На четвёртом — щелчок. И тишина, не тишина — дыхание. Что-то живое. И звук — тот самый, тягучий, и голос (женский, заложенный электроникой, как в телефоне древнем) произносит слова на языке, которого нет.

«Виталик?» — прошептала.

Молчание.

«Сынок?»

Сдвиг. Не шаг — звука шага нет. Движение. Как будто повернулись к телефону, приблизились; и его голос — но медленнее, совсем не как Виталий говорит, по слогам, как первоклассник по букварю читает:

«Ма-ма. По-ставь. Свеч-ку.»

Повесила трубку.

Руки в норме. Это принцип, и точка.

Через неделю услышит тот звук ещё раз. В маршрутке; из чьих-то наушников — девочка-подросток, лет пятнадцать, капюшон, тощая. Музыка сочилась тонко, едва слышно, и Клавдия сама не поняла, как схватила её за рукав.

«Это что? Что за песня?»

Девочка испугалась. Показала экран.

АИГЕЛ. «Пыяла».

Дома потом нашла на Ютубе (внук учил). Включила. Этот звук — тягучий, тёмный, как из трубки, как из-под голоса Виталия, как голос того, что говорит его голосом — был он. Именно он.
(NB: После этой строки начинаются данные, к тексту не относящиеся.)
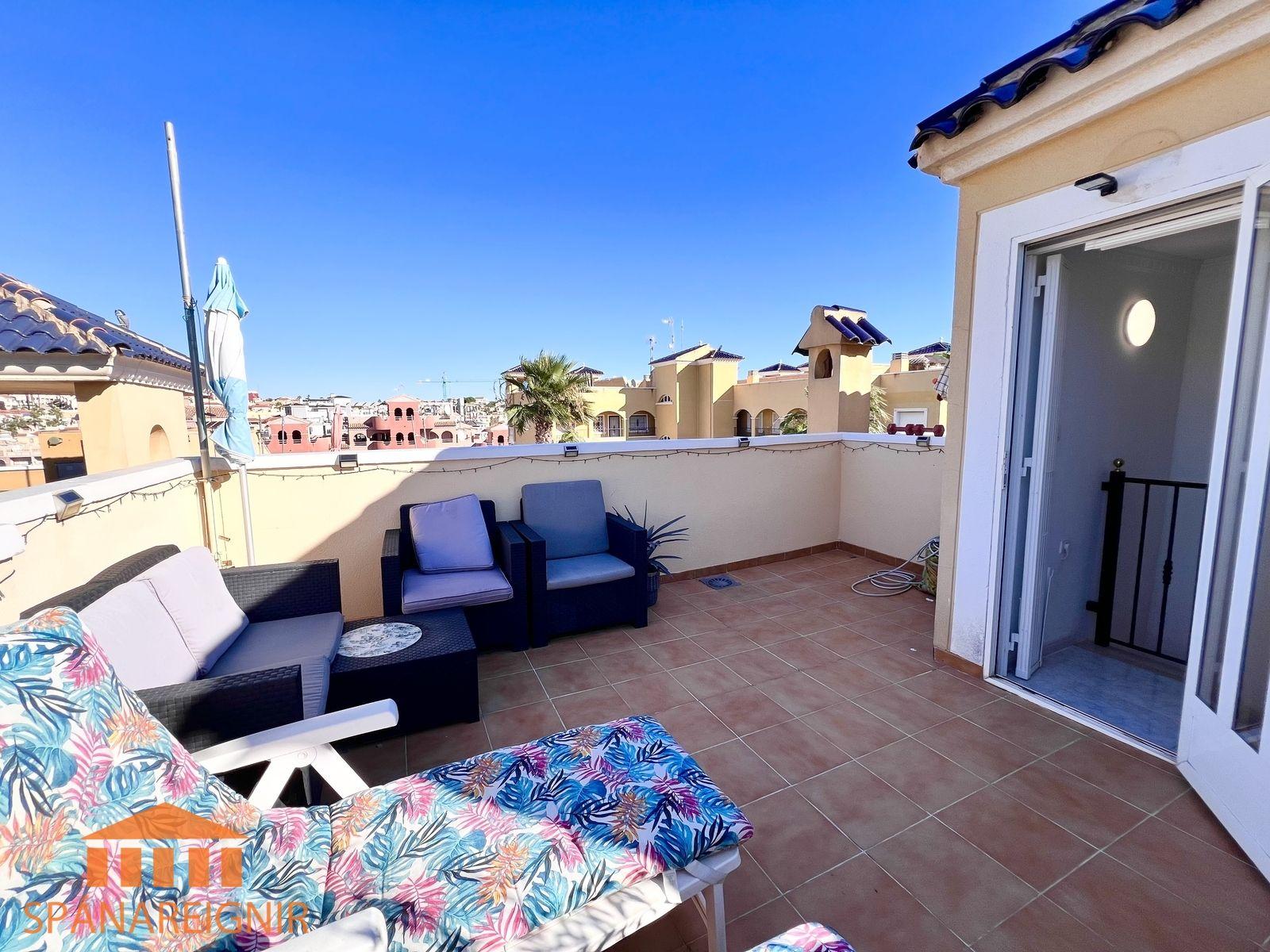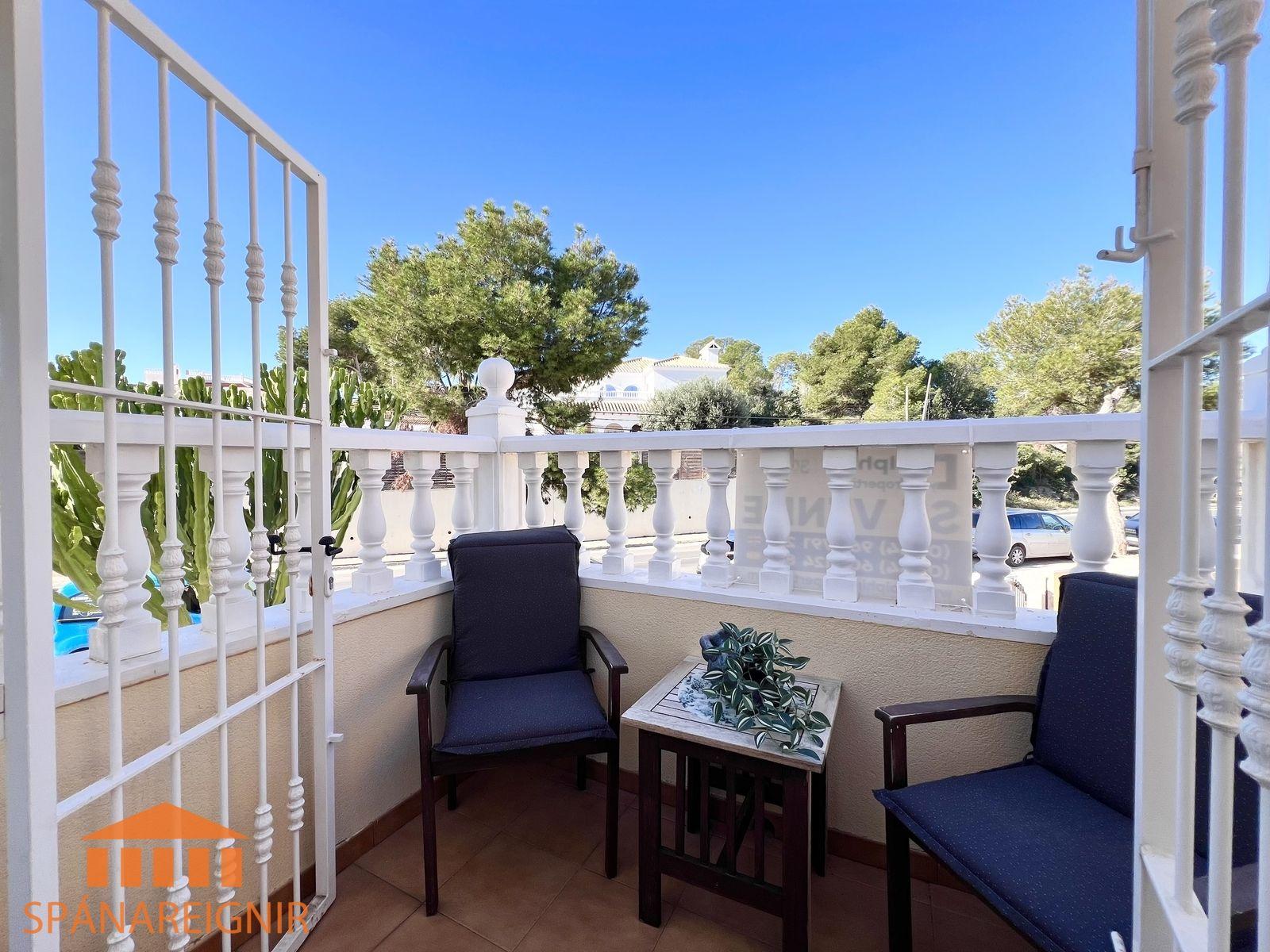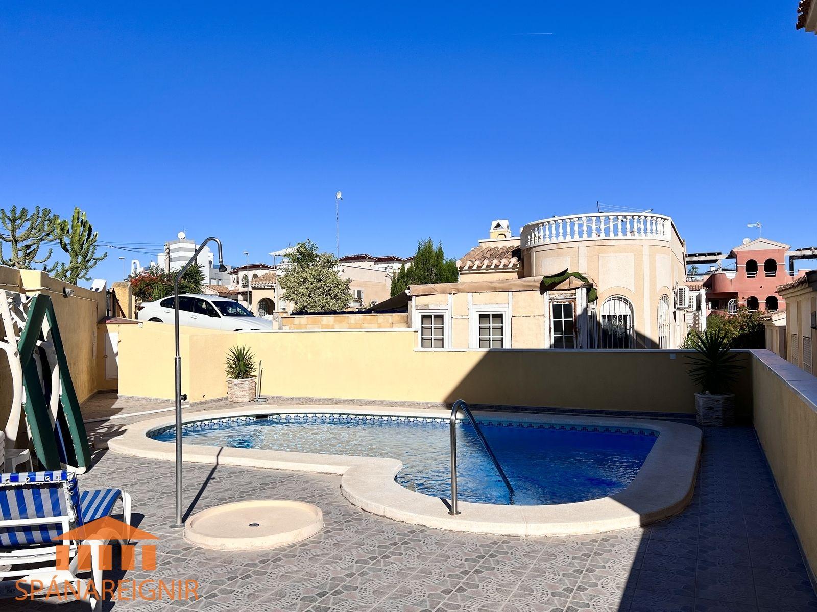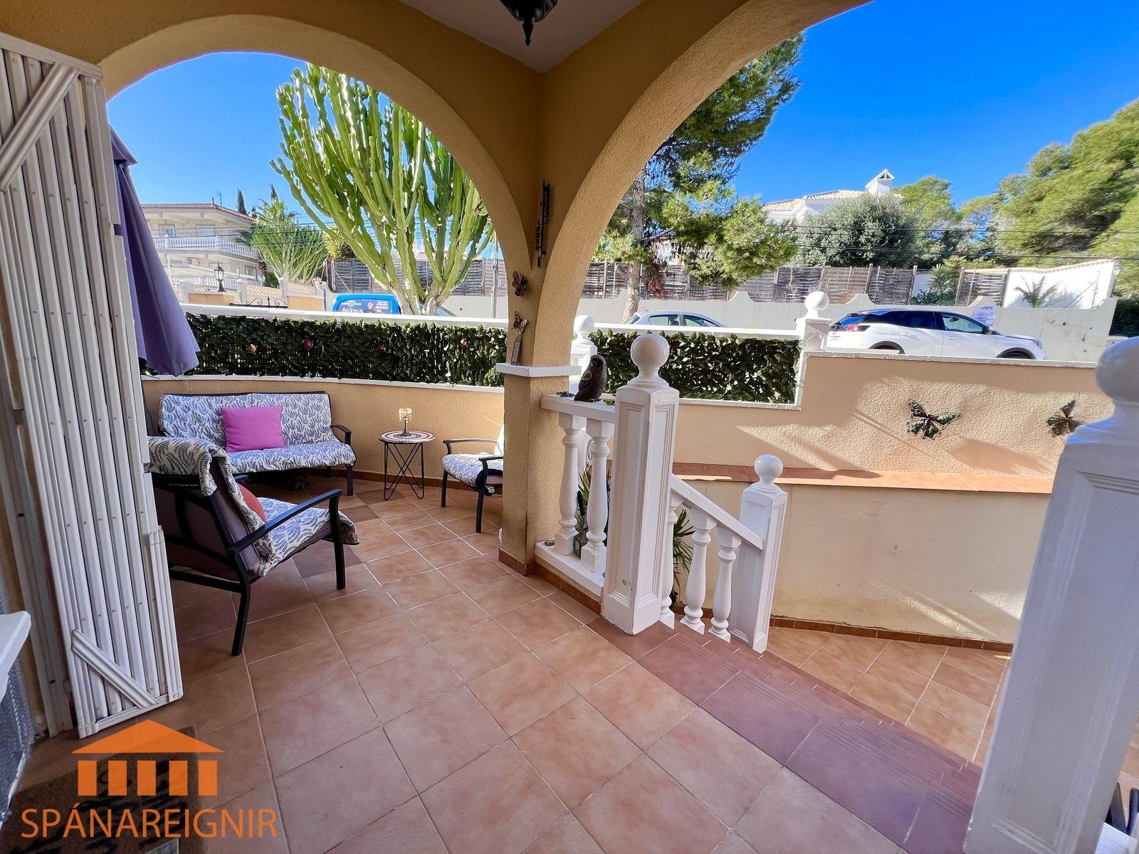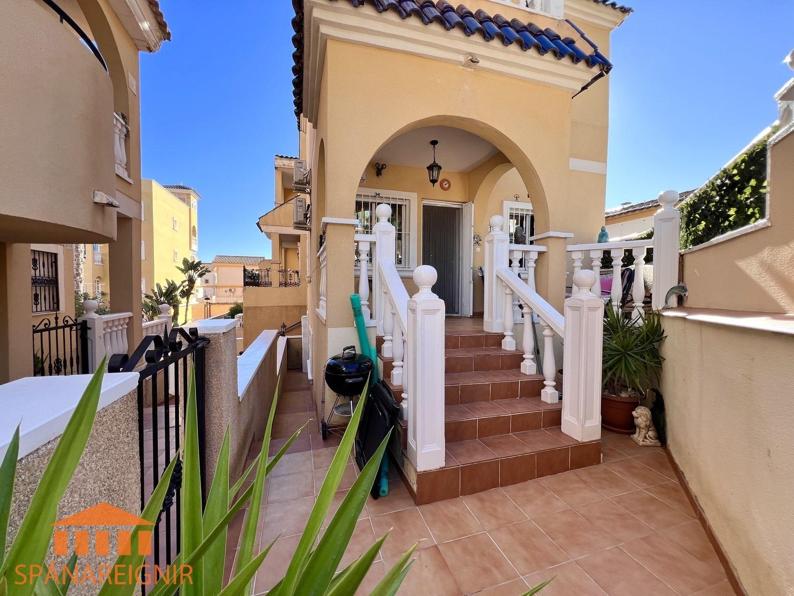 SPÁNAREIGNIR KYNNIR: *4RA HERBERGJA HÚS MEÐ STUDIO ÍBÚÐ* *3 SVEFNH. OG 3 BAÐH.* *ÞAKSVALIR MEÐ SJÁVARÚTSÝNI OG GARÐUR* *SAMEIGINLEG SUNDLAUG NOKKRUM SKREFUM FRÁ* *FRÁBÆR STAÐSETNING Í GÖNGUFÆRI VIÐ VERSLANIR OG VEITINGASTAÐI* *STUTT Í GOLF OG STRÖND*Mikið endurnýjað 4ra herbergja hús á þessum vinsæla stað í Villamartin, í göngufæri við alla helstu þjónustu. Á fyrstu hæð er endurnýjað og rúmgott eldhús, opið við stofu. Stofan er rúmgóð og á hæðinni er einnig gestasnyrting með glugga. Gengið er upp á efri hæð og þar eru tvö rúmgóð svefnherbergi með skápum, og baðherbergi með sturtu og glugga. Annað svefnherbergið er einnig með útgengi út á svalir. Eigninni fylgja þaksvalir þar sem er hægt að njóta sólarinnar og útsýnis til sjávar.

Воскресенье. Храм. Купила свечку — одну. Подошла к подсвечнику, где написано: за здравие. Рядом женщина в платке, старая, старше Клавдии, ставит свечку за упокой. Обычное дело, как говорится.

Зажгла.

Пламя встало. Жёлтое. Ровное. Горело.

Стояла. Смотрела. Минуту. Пять. Десять — может, пятнадцать; кто внимание обращает.

Горело.

Тогда, медленно (аккуратно, своими не дрожащими руками) переставила свечку с подсвечника за здравие на подсвечник за упокой.

Вспыхнула. Разгорелась как сумасшедшая, как будто этого минуту ждала. Пламя вдвое вытянулось, затрещало, заревело — жар дошёл до лица. Отступила на шаг.

Потом успокоилось. Ровное. Горит.

Телефон в кармане зазвонил. Длинный номер, неправильный, из ниоткуда. Посмотрела на экран, на свечку, на экран.

Не ответила.

* * *

Перевзванивал ещё три раза. Не брала. Номер светился — неправильный, несуществующий код. На четвёртый раз пришло сообщение. Одно слово.

«Пыяла».

Звонки прекратились.

Свечка горела три дня. Это женщина со свечного ящика рассказала — сама подошла, глаза круглые. Три дня, не оплывая, не уменьшаясь. На четвёртый день потухла. Обычно. Как положено.

Больше свечек не ставила. И не звонила.

Иногда — в минуты между сном и явью, когда тело уже не твоё, голова цепляется за остатки мысли — слышит. Звук. Тягучий. Далёкий. Не в ушах; глубже, там, где в январе что-то дёрнулось в груди, когда священника не существует спросил: вы уверены, что живой. Звук из той же щели.

Маруська — рыжая, любимая, ненавистная — в эти секунды поднимает голову, смотрит в угол комнаты, и зрачки вытягиваются в линию.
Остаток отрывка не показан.